Иногда не нужно быть Демосфеном, чтобы заиметь человека. Прижать его к себе или поцеловать. Или дать в рот.

Полифоническое одиночество.

Ты знаешь, что можешь позвонить кому-либо, выпить пива с этим “кем-либо”, осуждая эвтаназию, или обсудить с “Другом” проблемы в постели. Всегда найдётся такой человек, который выслушает, даст нелепый совет, возомнив себя врачевателем искалеченных душ. Ты пожмёшь его руку, или же поцелуешь её. И всё. Ты заснёшь крепче прежнего, взбив гипертрофированную подушку своего эго и укрывшись грязным одеялом одиночества. Вселенная останется на месте.

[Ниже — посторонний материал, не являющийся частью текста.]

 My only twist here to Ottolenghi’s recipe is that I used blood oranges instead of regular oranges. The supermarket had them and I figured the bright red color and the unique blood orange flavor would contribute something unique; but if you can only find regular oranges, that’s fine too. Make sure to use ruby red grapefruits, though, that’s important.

Комната, в которой мы с Каталиной проведём ночь, похожа на тюремную камеру: узенькое окно, единственный источник света - люминесцентная картина с изображением Бруклинского моста, две узкие кровати, разделённые деревянной тумбочкой, на которой покоится старенький телевизор. Я - это часть натюрморта. Вязкое однообразие.

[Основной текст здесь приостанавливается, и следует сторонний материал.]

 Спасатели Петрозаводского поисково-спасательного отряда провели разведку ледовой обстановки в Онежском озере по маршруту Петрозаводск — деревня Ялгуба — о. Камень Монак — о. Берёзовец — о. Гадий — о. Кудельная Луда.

Стены испещрены надписями, сделанными маркерами, ключами. Тем, чем можно оставить отметину.

“Я видел Бога”

“Там, где сотни рек, текущих вспять”

“Во мне что-то живёт. Что-то пожирает меня изнутри”

Рекурсия.

Четыре пустых стены. Тысячи затёртых книг, с помощью которых ты воссоздаёшь миры, всецело поглощающие тебя и твои рефлексии. Сотни исцарапанных дисков, пересмотренных до глазного геморроя. Братья и сёстры, в компании которых ты находишь диалог. Зачем нужны партнёры, если можно выделить специальный день для мастурбации? Миллионы аксессуаров в отсутствии наряда. Уныние не разбивается о стены, но отражается от них. И каждый новый инсайт, каждое осознание собственной ненужности - плевок в копилку одиночества.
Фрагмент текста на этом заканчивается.